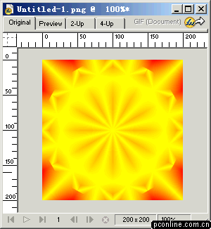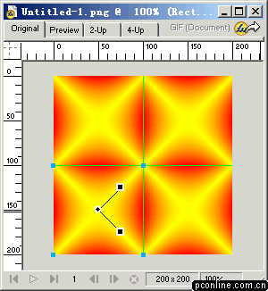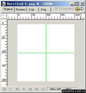 1、打開fwmx,新建一個大小為200*200,背景為白色的文件。進入編輯區,如果編輯區的上側和左側沒有標尺的話,首先執行菜單命令"view / rulers"使得標尺欄為可見,為了操作方便,接下來執行菜單命令"view / guides / show guides"、"view / guides / snap to guides"使得輔助線為可見并且打開輔助線的自動吸附功能,這樣,我們就將最基礎的前期工作準備好了。
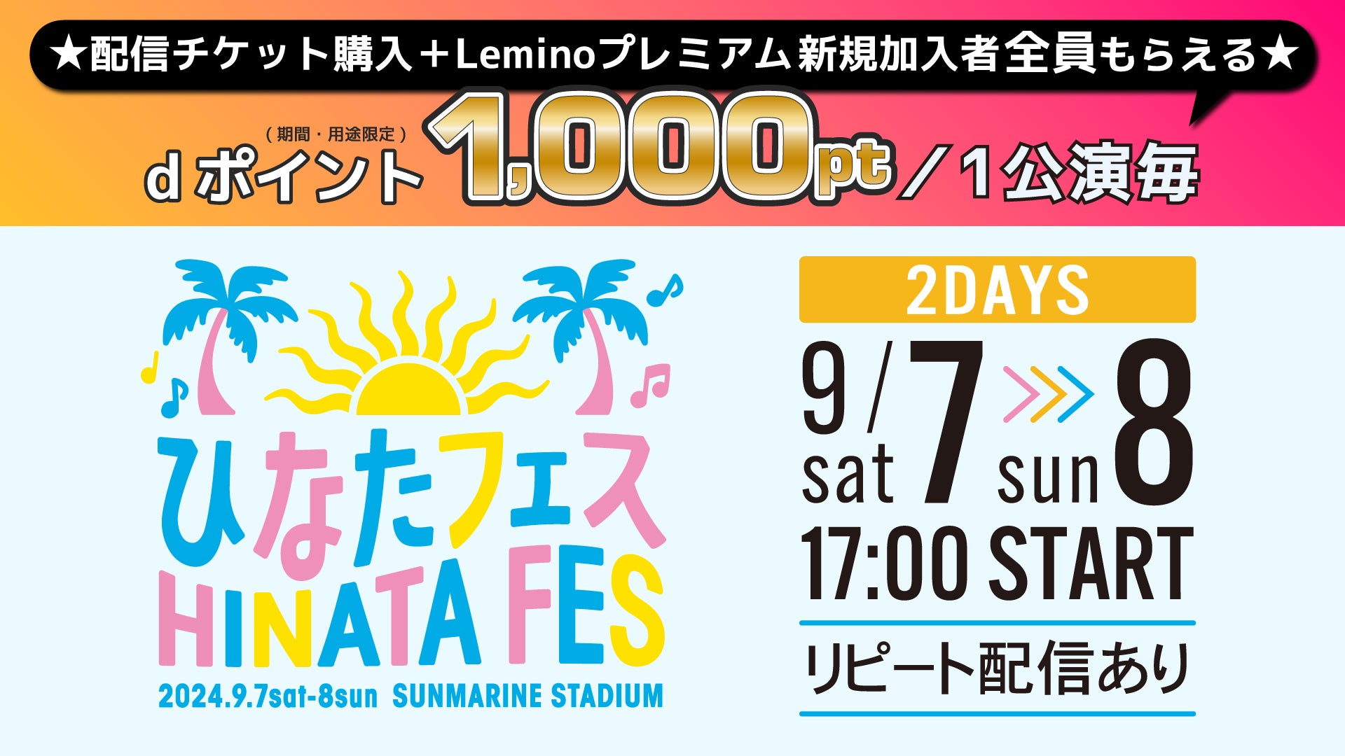 株式会社NTTドコモ(以下、ドコモ)は、映像配信サービス「Lemino®」において、2024年9月7日(土)、9月8日(日)に行われる日向坂46「ひなたフェス 2024」の模様を生配信(PPV)いたします。また、2024年9月21日(土)、9月22日(日)にリピート配信いたします。
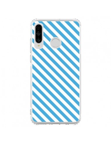 Coque Huawei P30 Lite Bonbon Candy Bleue et Blanche Rayée - Nico
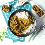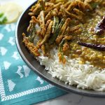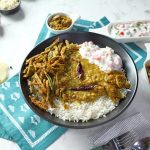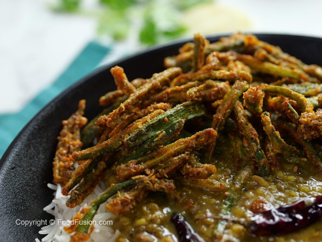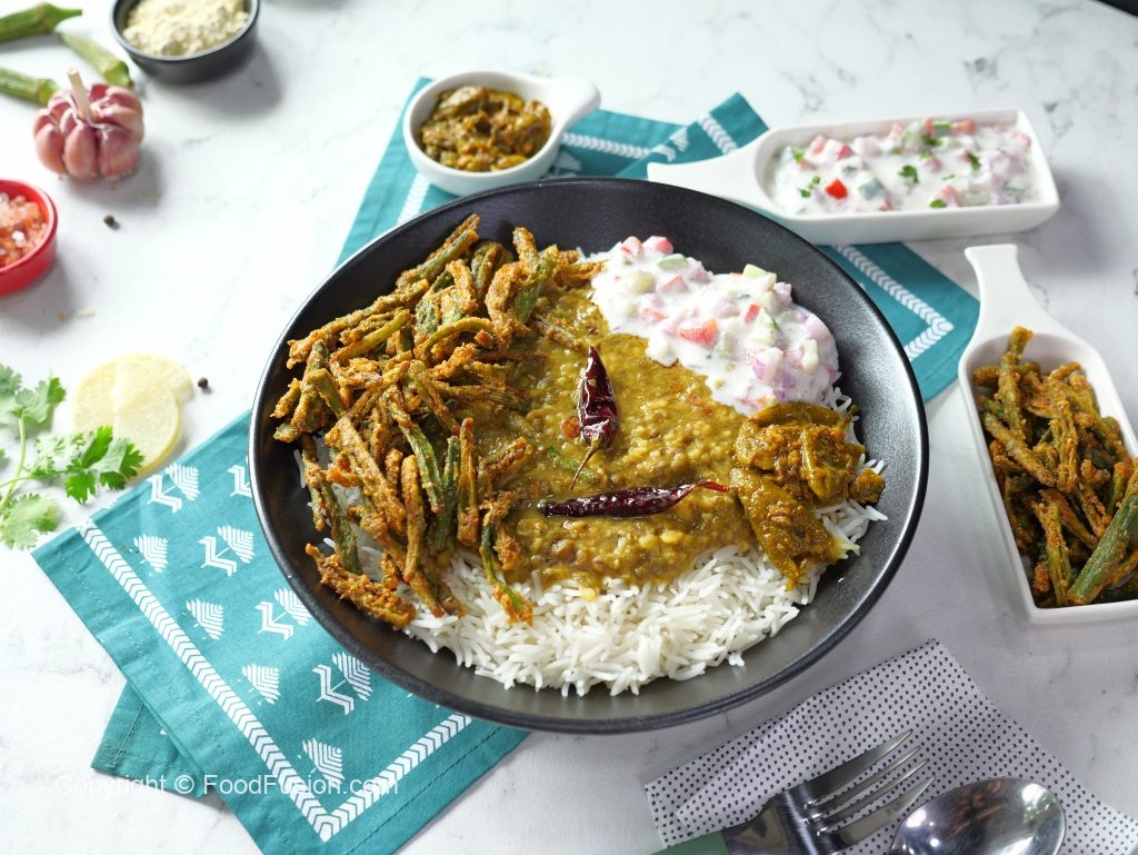 -In a serving bowl,add boiled rice,prepared daal,crispy bhindi,kachumar raita,achar & serve!
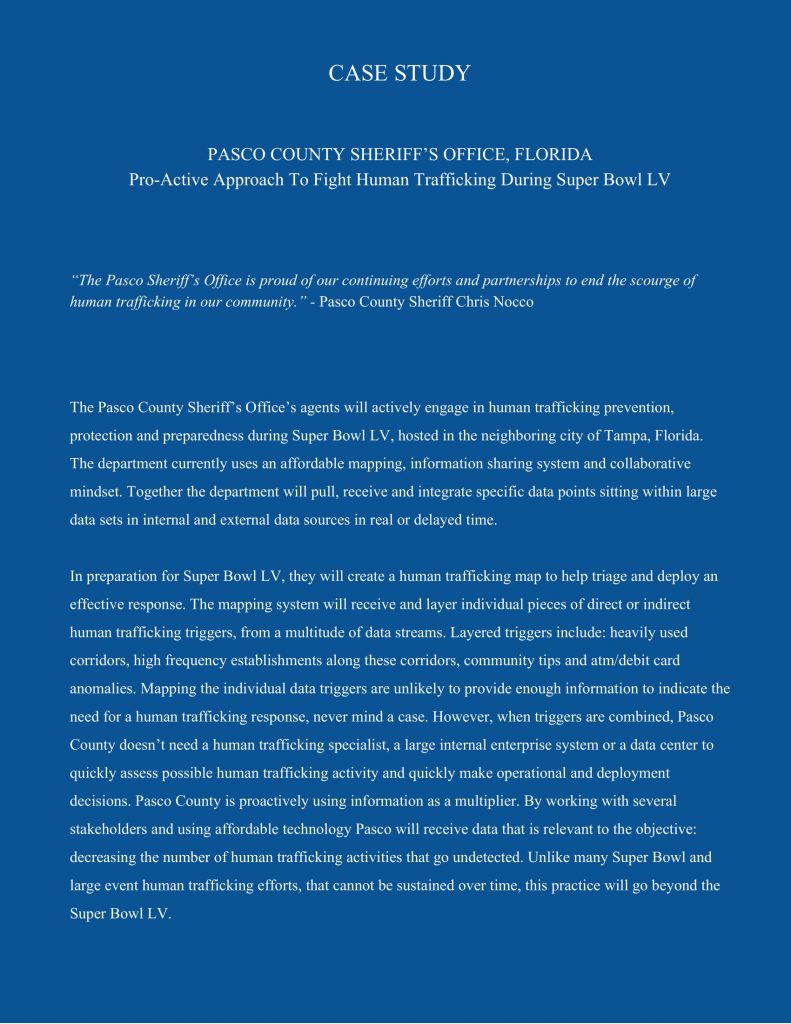 Stakeholders understand that sharing lessons learned and establishing best practices requires multiagency information sharing if the dismal arrest and criminal conviction rates are to be improved. Most fundamental and critical to execution is the quick, easy use of affordable and reliable technology that efficiently gathers, processes, and visualizes human trafficking triggers across several data sources. Traditionally, only businesses could afford sophisticated technologies to aid highly specialized efforts. For example, detection of labor trafficking throughout supply chains, which, when identified, is largely handled quietly and remains within the corporation. Today, these powerful technologies can be developed, maintained, and scaled economically and within the budgets of law enforcement agencies. However, before law enforcement can fully achieve sustainable value through these or any network effect technologies, one condition must be met—multidisciplinary, cross-sector data sharing.
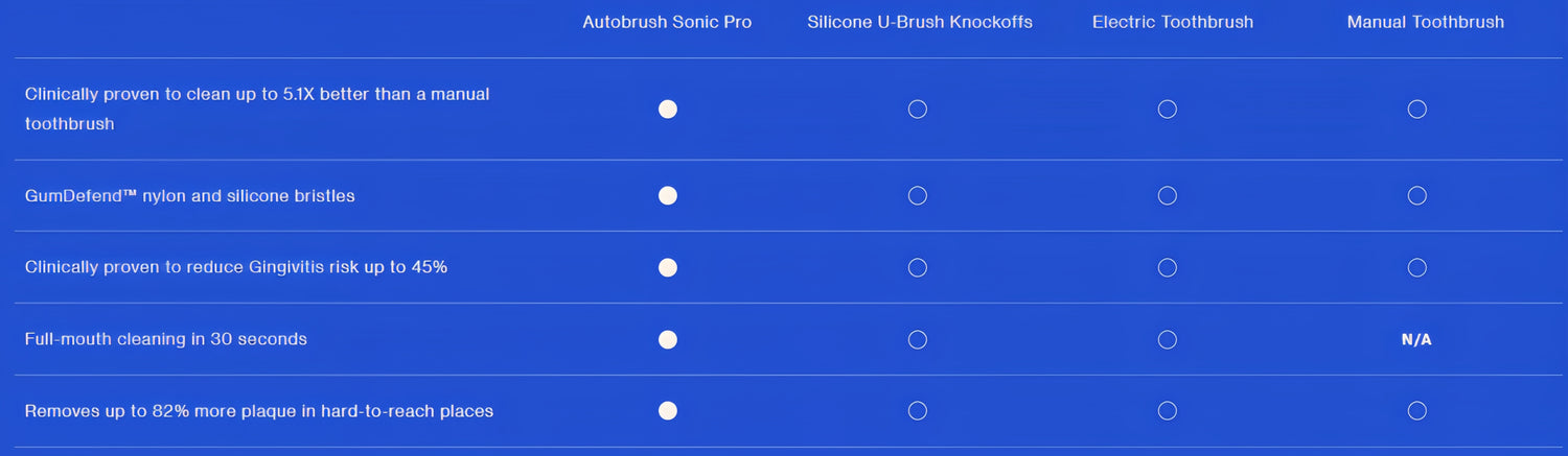 Meet the Autobrush Sonic Pro, the world's only ADA Accepted U-shaped electric toothbrush. Revolutionize your routine with a clinically proven 5.1X better clean in just 30 seconds. Its 360° sonic bristles perfectly surround teeth and gums for a gentle, spa-like clean. Perfect for busy lifestyles, this rechargeable, waterproof brush delivers a consistent, dentist-recommended clean effortlessly. Achieve superior oral health in seconds.
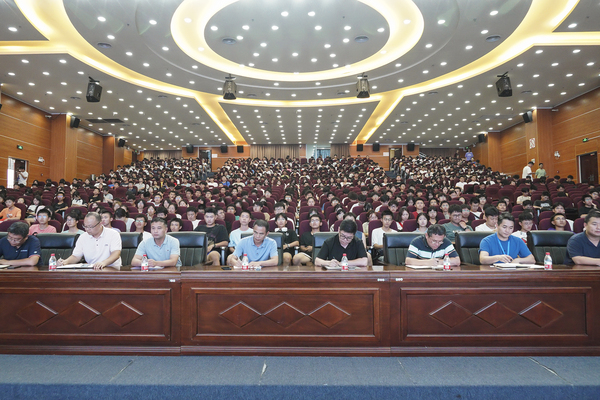 学工部(处)负责人、学院分管学生工作负责人代表、辅导员代表、2023级本科新生代表等800余名师生到场聆听。
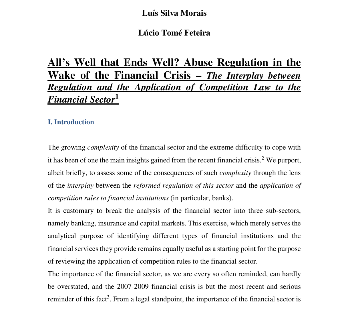 Morais, Luis Silva and Feteira, Lúcio Tomé, All’s Well that Ends Well? Abuse Regulation in the Wake of the Financial Crisis – The Interplay between Regulation and the Application of Competition Law to the Financial Sector (February 2, 2018). Available at SSRN: https://ssrn.com/abstract=3120376 or http://dx.doi.org/10.2139/ssrn.3120376
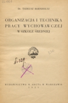 | Bornholtz, Tadeusz (1901-1966), 1931, Organizacja i technika pracy wychowawczej w szkole średniej | 18 paź 2023 |
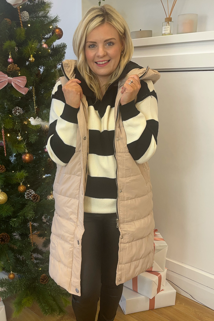 A wardrobe must have! Our longline puffer gilet is sure to keep you cosy! Featuring a zip up front with snap button closure, oversized hood and side pockets. Contrasting zip detailing on both sides for an extra bit of detail and also allows for adjustable coverage. Gilets are perfect for layering and are super versatile!

------------------------------

→ **Work item**: From the first line of the records through the line with "-In a serving", reproduce each line exactly and leave the pictures out.

→ **Response for this exercise**:
 1、打開fwmx,新建一個大小為200*200,背景為白色的文件。進入編輯區,如果編輯區的上側和左側沒有標尺的話,首先執行菜單命令"view / rulers"使得標尺欄為可見,為了操作方便,接下來執行菜單命令"view / guides / show guides"、"view / guides / snap to guides"使得輔助線為可見并且打開輔助線的自動吸附功能,這樣,我們就將最基礎的前期工作準備好了。
 株式会社NTTドコモ(以下、ドコモ)は、映像配信サービス「Lemino®」において、2024年9月7日(土)、9月8日(日)に行われる日向坂46「ひなたフェス 2024」の模様を生配信(PPV)いたします。また、2024年9月21日(土)、9月22日(日)にリピート配信いたします。
 Coque Huawei P30 Lite Bonbon Candy Bleue et Blanche Rayée - Nico
 -In a serving bowl,add boiled rice,prepared daal,crispy bhindi,kachumar raita,achar & serve!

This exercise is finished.